A brief exchange between a religious legal expert and Jesus is enough to hear again how simple and uncomplicated is God’s way. “Teacher, what must I do to inherit eternal life?” the lawyer asks. We too hear people say that what matters most is to be saved—but what is that exactly? Saved from what? Saved for what? Jesus asks the lawyer what does his own study of the law tell him, what is written there? The lawyer can recite it as easily as any well-versed Vacation Bible School child: “You shall love the Lord your God with all your heart, and with all your soul, and with all your strength, and with all your mind; and your neighbor as yourself.” Perfectly stated. It really is as simple as that.

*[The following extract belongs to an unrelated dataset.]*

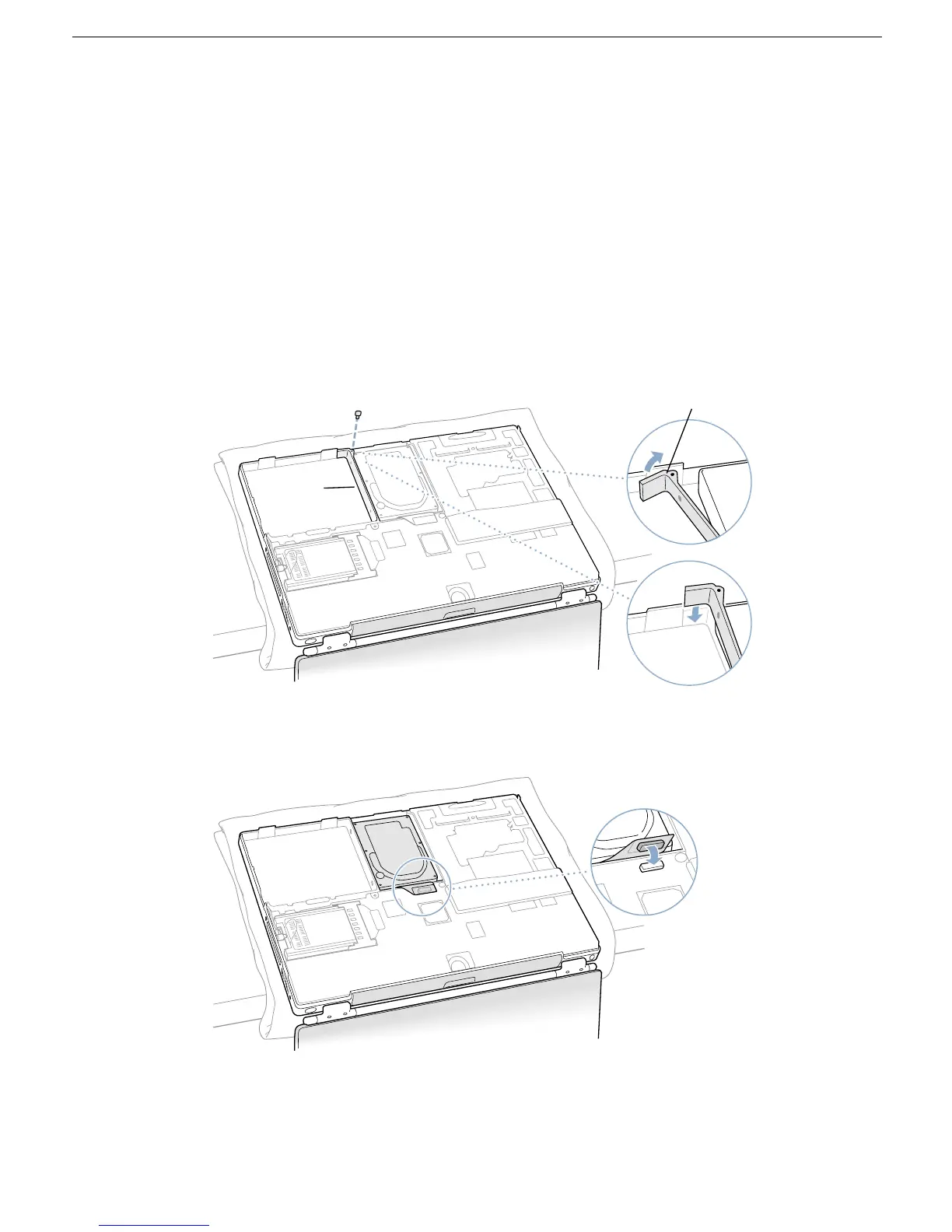 original position. Line up the rubber stoppers on the hard drive until they fully seat into

But not for long. “Who is my neighbor?” the lawyer asks, either sincerely perplexed or fishing for a more complicated answer. And Jesus tells the now well-known tale of the Good Samaritan. A man is robbed on the Jericho road, stripped, beaten and left for dead. A priest and a Levite, considered holy and good, pass him by, but a Samaritan, outcast and rejected, gives assistance. He bandages the man, carries him to the shelter of an inn and takes care of him, paying his way for days to come. Which one, Jesus asks, is the true neighbor? Even the lawyer knows it is the Samaritan, the one who is loved least but has loved another the most.

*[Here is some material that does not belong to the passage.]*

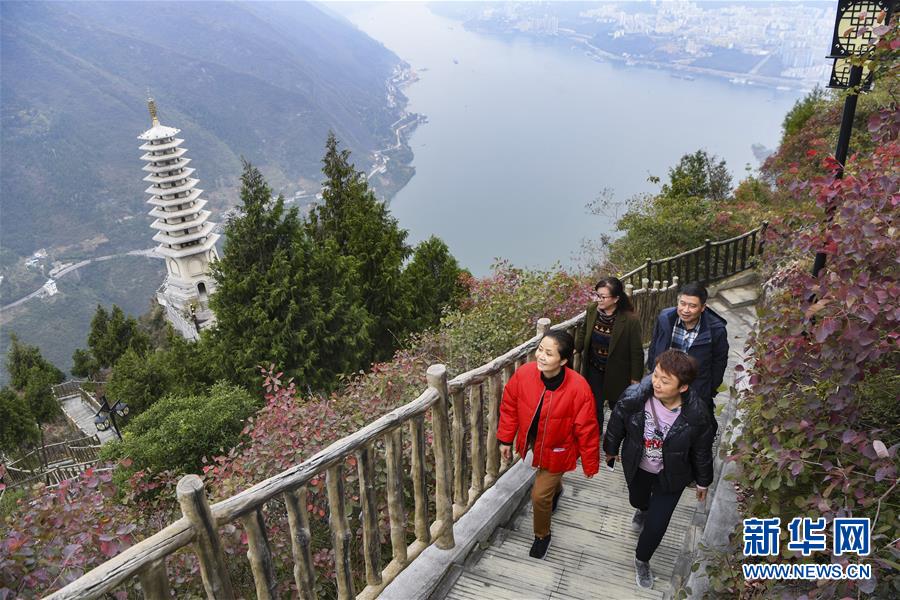 11月23日,游客在位于長江巫峽段的巫山文峰景區(qū)游覽。初冬時節(jié),位于重慶巫山縣境內的長江巫峽段呈現出一江碧水東流、兩岸層林盡染的秀美景象。新華社記者王全超攝

No matter what our understanding of faith might be or become, we all start somewhere. We all have a foundational truth, a first love, from which we begin. We begin in fear or trust, in competition or cooperation, in spite or compassion. Do you have a founding desire to love God with all your heart, soul, strength and mind and to love your neighbor as well as yourself? How does it show itself in action? Our first love is only as real as what we do, how we respond, the kinds of lives we end up living. If you followed me out on the road today, what sort of love would you see in me? Would you see me render aid or pass on by, condemn or show mercy? Will I let you come close enough to see who I really am and, when you see, to show your mercy to me?